----- SUPPLIED INFORMATION -----

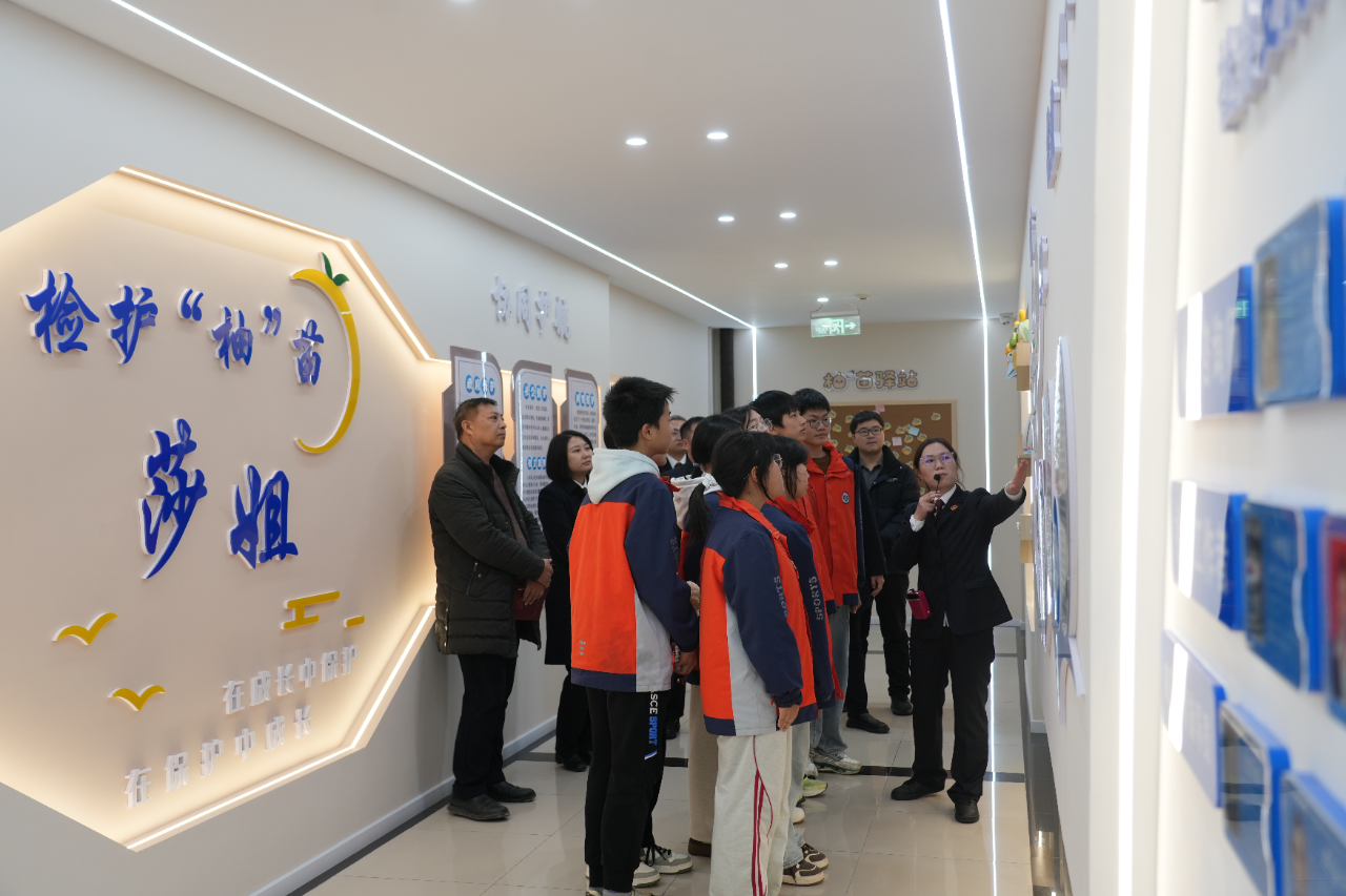 活动现场,与会人员依次走进模拟法庭、询问室、心理咨询室、模拟监室等各功能区域,身临其境地感受法治教育的多元场景。大家通过观看实物展示、研读案例展板等,深入了解梁平区检察院在青少年普法教育方面的创新探索与实践成果。在参观过程中,不少学生对展陈内容表现出浓厚兴趣,纷纷驻足提问,检察官们耐心聆听、细致解答,宪法知识随着这场沉浸式体验悄然浸润心田。
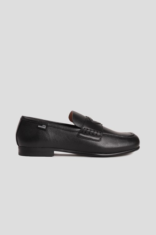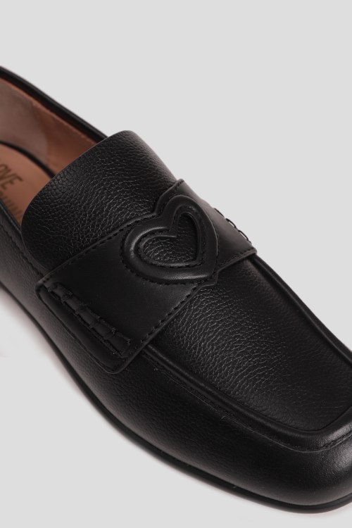 Детали: Женские черные кожаные лоферы от Love Moschino (Лав Москино). Модель из зернистой кожи, нашивка с логотипом сбоку, сердечко спереди, закругленный носок, кожаная стелька. Высота каблука: 2 см
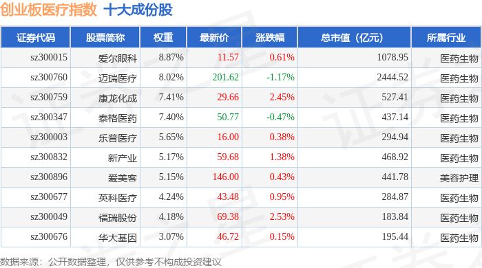 证券之星消息,12月1日,创业板医疗(970082)指数报收于3712.07点,涨0.49%,成交86.52亿元,换手率1.16%。当日该指数成份股中,上涨的有35家,九强生物以4.43%的涨幅领涨,下跌的有15家,诚达药业以4.26%的跌幅领跌。
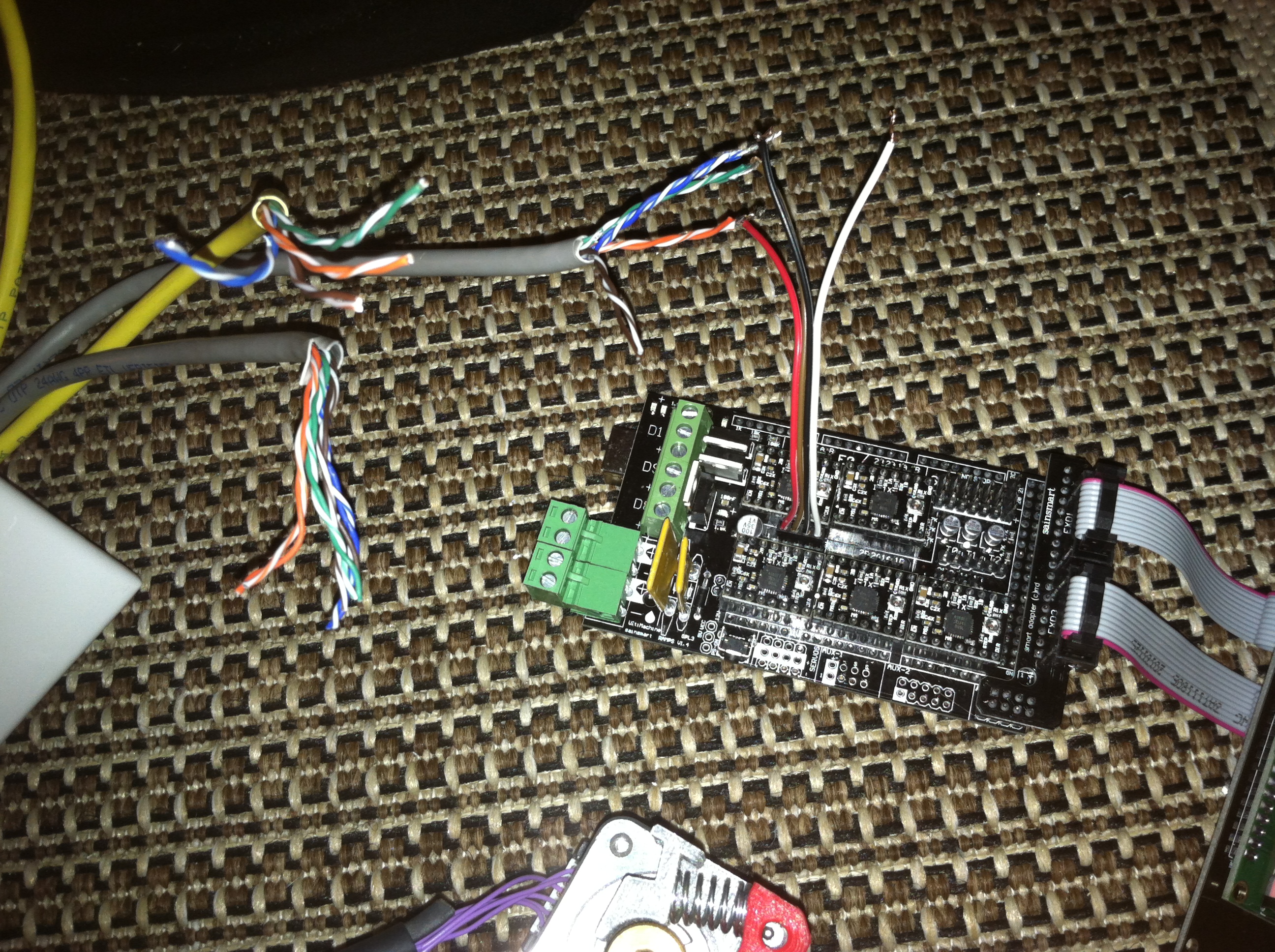 If you are using CAT5 as connections to your steppers, be careful as it is 24 gauge rated at .58A per conductor and the steppers draw a fair amount of current over that. I've seen folks double up the wires to the steppers since CAT5 has 8 conductors. That should work, perhaps you knew that already
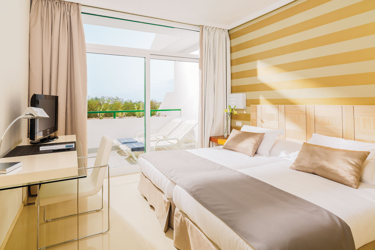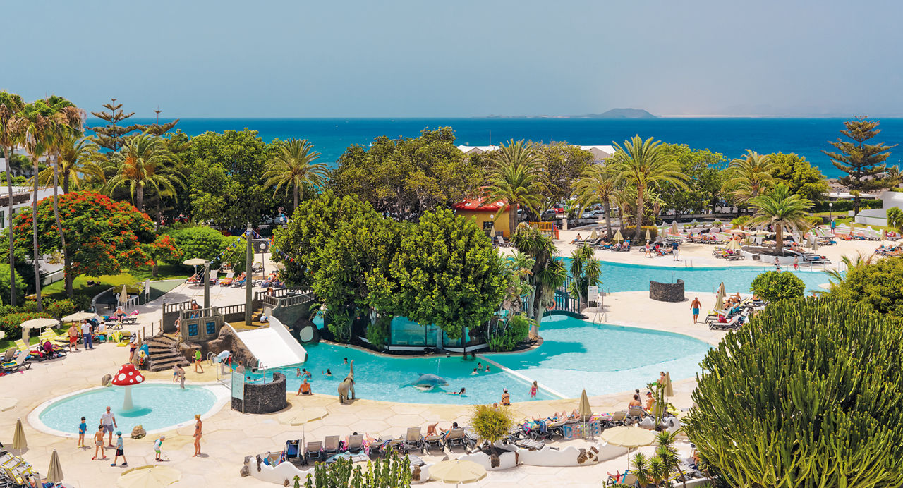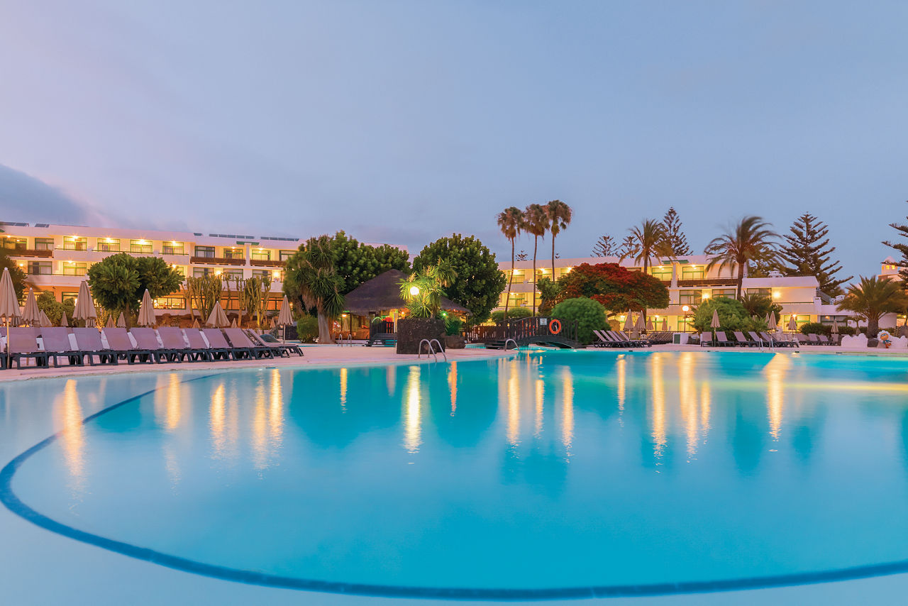 Nestled in tropical gardens and surrounded by majestic mountains, this sleek and stylish hotel sits right at the heart of Playa Blanca. Soak up the warm Canarian sunshine by the impressive lagoon-style pool or stroll down to the beach which is just minutes away. Shops, bars and restaurants are right on your doorstep too. There are plenty of facilities to keep the whole family entertained, from the fun-packed activities for kids at the children?s club to tennis and mini golf for grown-ups.Double rooms sleep up to 3 adults and have bathroom containing a bath with shower attachment, hairdryer, air conditioning, satellite TV and mini-fridge. Double rooms with Pool View. Double Privilege rooms include access to an exclusive Privilege lounge, personalised check-in and check-out, late check-out (subject to availability), personalised customer service, a la carte evening meal, daily press and weather forecast, MP3 docking station, coffee machine, bathrobe and slippers, pillow menu and pillow-top, pool towels and VIP amenities. Junior suites, Family rooms sleeping up to 2 adults and 2 children, Double Superior rooms inclusive of bathrobe and slippers, MP3 dock and pillow menu, and Double rooms for Sole Use are also available.
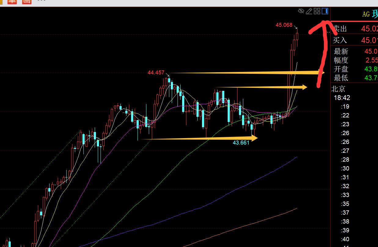 第二,白银方面:白银昨日走势相对抗跌,就是如期走一个高位区间整理,43.6上支撑,44.4下阻力,昨日依托44.3-44.2下高位也是反复先选择看跌回落,抵达43.6上目标;
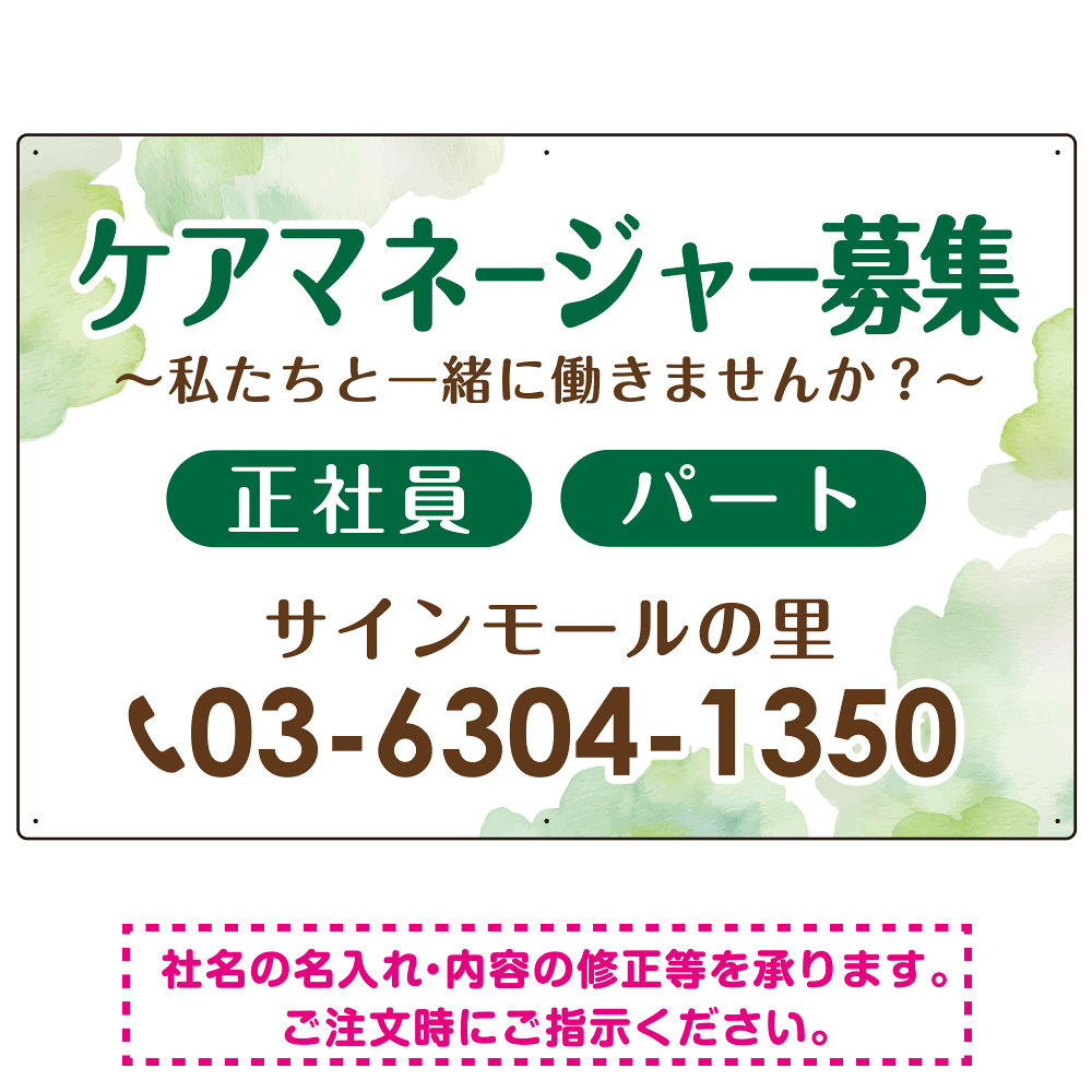 ケアマネジャー(介護支援専門員)募集 柔らかい雰囲気背景デザイン オリジナル プレート看板 グリーン W900×H600 エコユニボード (SP-SMD660C-90x60U)
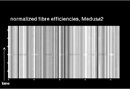 This is the trending plot for monitoring response and stability of the Giraffe fibres. Its purpose is to identify and monitor both fibre efficiency and stability. It helps identifying fibres with particularly low response, or unstable response. This may be useful e.g. for assigning sky fibres in the Medusa case. Input data are the Health Check fibre flats taken approximately every third day for the Medusa slits, and once a week for the IFu and Argus slits. The pipeline extracts the fibre signals and calculates relative efficiencies per fibre (normalized). These are averaged in chromatic (Y) direction and stored in a binary table, as a single transmission, or response, value per fibre. This table is appended as extension #1 to the product files with pro.catg=FF_EXTSPECTRA. Note that all of these files are robotic flats. Nasmyth flats are not included here because of their irregular acquisition, despite their better illumination pattern. The transmission numbers (columns FPS = fibre position index, and TRANSMISSION) are collected for all HC flats of a given 3 month period. Contrary to traditional QC parameters, they form a QC vector: one set of 135 (Medusa) or 317 (IFU, Argus) QC values per measurement. They are analyzed numerically to extract, per fibre, the following parameters:
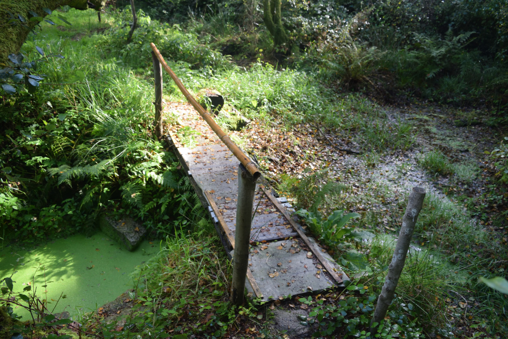 Poursuivez vers le fond et le haut de la prairie. Vous êtes sur l'un des 2 canaux qui alimentait en eau le moulin de la Trinité dans les années 1900.
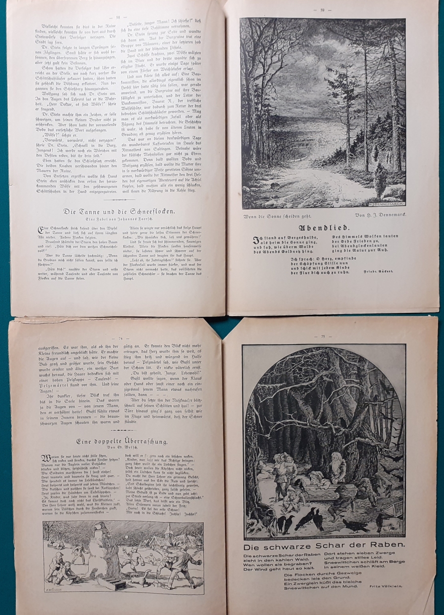 F. Schrönghamer-Heimdal: Das Menschenherz; Wilhelm Pültz: Das spinnende Jungfräulein; Heinrich Scharrelmann: Eine Schlittschuhfahrt |
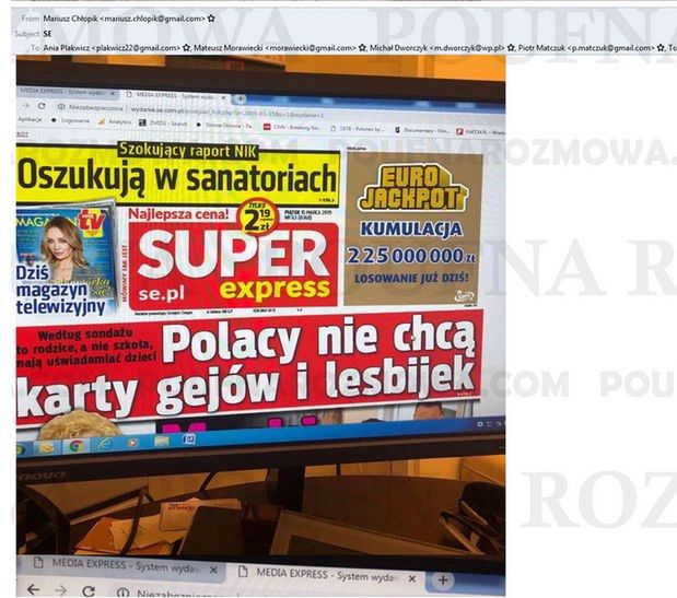 Do wiadomości załączony jest wydruk z wydania "Super Expressu" na kolejny dzień, w którym Zofia Klepacka informuje, że "stała się w Polsce wrogiem nr 1 środowisk homoseksualnych" oraz iż "grożono jej śmiercią". Autor maila stwierdza, że przesyła wydruk z "SE" "zgodnie z rozmową z Michałem i Krzyśkiem".
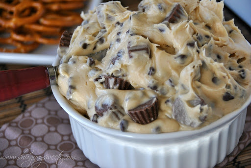 2.In a large mixing bowl, beat cream cheese with powdered sugar and peanut butter until creamy (about 3-4 minutes, don't skimp on the beating time). On low, add in brown sugar mixture (that has cooled to room temperature). Mix until combined. Fold in mini chocolate chips and mini Reese's cups. Serve immediately or store in refrigerator until ready to serve. Enjoy with pretzels, animal cracker and graham sticks.
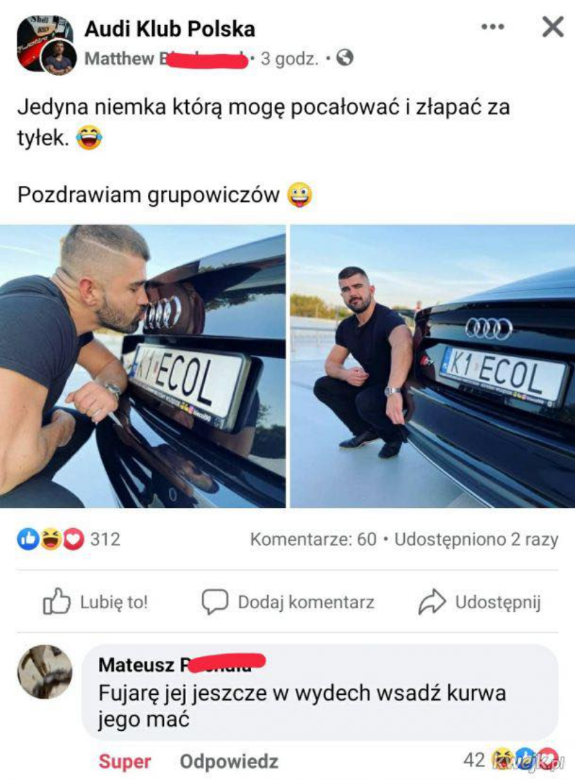Ależ to są kur*%. Nowe przepisy dowalą wszystkim. A Banany dalej będą jeździć z pięcioma zakazami 300 kmh w mieście i chwalić się tym na internecie podpisując się własnym imieniem i nazwiskiem. Ale policja będzie miała w dupie ich szukanie, a sądy ich ukaranie. https://auto.dziennik.pl/aktualnosci/artykuly/10568075,trzy-wykroczenia-i-tracisz-prawo-jazdy-na-zawsze-minister-to-dopiero-poczatek.html
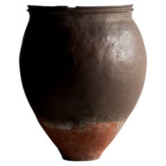 Dieses große antike japanische Keramikgefäß verkörpert eine starke skulpturale Präsenz, die von Erde, Feuer und dem Lauf der Zeit geprägt ist.
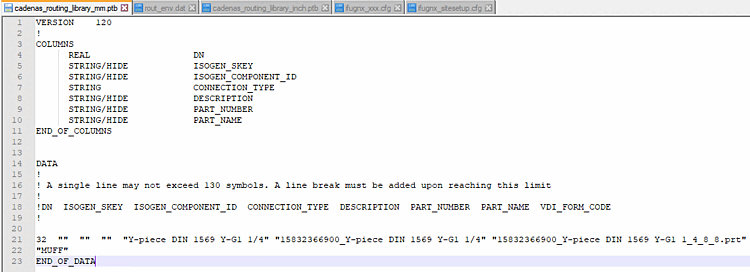 ifugnx.cfg,cadenas_routing_library_mm.ptbandcadenas_routing_library_inch.ptb. This should contain the following piping attributes:The type, number and role of these attributes can be adjusted in the ptb file. Corresponding adjustments must then also be made in
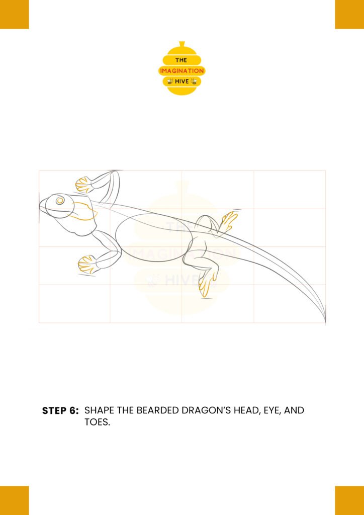Define the head shape, refine the eye, and draw the toes on each foot to make the bearded dragon more recognizable.
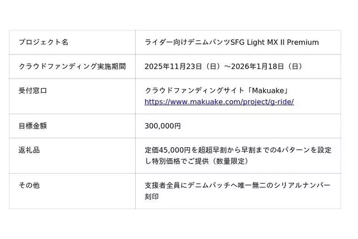 熊本を拠点とするモーターサイクルギアブランドG RIDE(ジー ライド本社:熊本県熊本市)は、昨年11月23日より実施した新たなデニムライン《SFG Light MX II Premium》が応援購入者が70名超、最上位プラン超超早割は完売し達成率850%を突破、いよいよ最終期限2026年1月18日までとなることをお知らせします。

-----

TASK PROMPT: From the line holding "Define the head" down to the final line of the entries above, print every line exactly. Pictures do not go in.

PROBLEM SOLUTION:
Define the head shape, refine the eye, and draw the toes on each foot to make the bearded dragon more recognizable.
 熊本を拠点とするモーターサイクルギアブランドG RIDE(ジー ライド本社:熊本県熊本市)は、昨年11月23日より実施した新たなデニムライン《SFG Light MX II Premium》が応援購入者が70名超、最上位プラン超超早割は完売し達成率850%を突破、いよいよ最終期限2026年1月18日までとなることをお知らせします。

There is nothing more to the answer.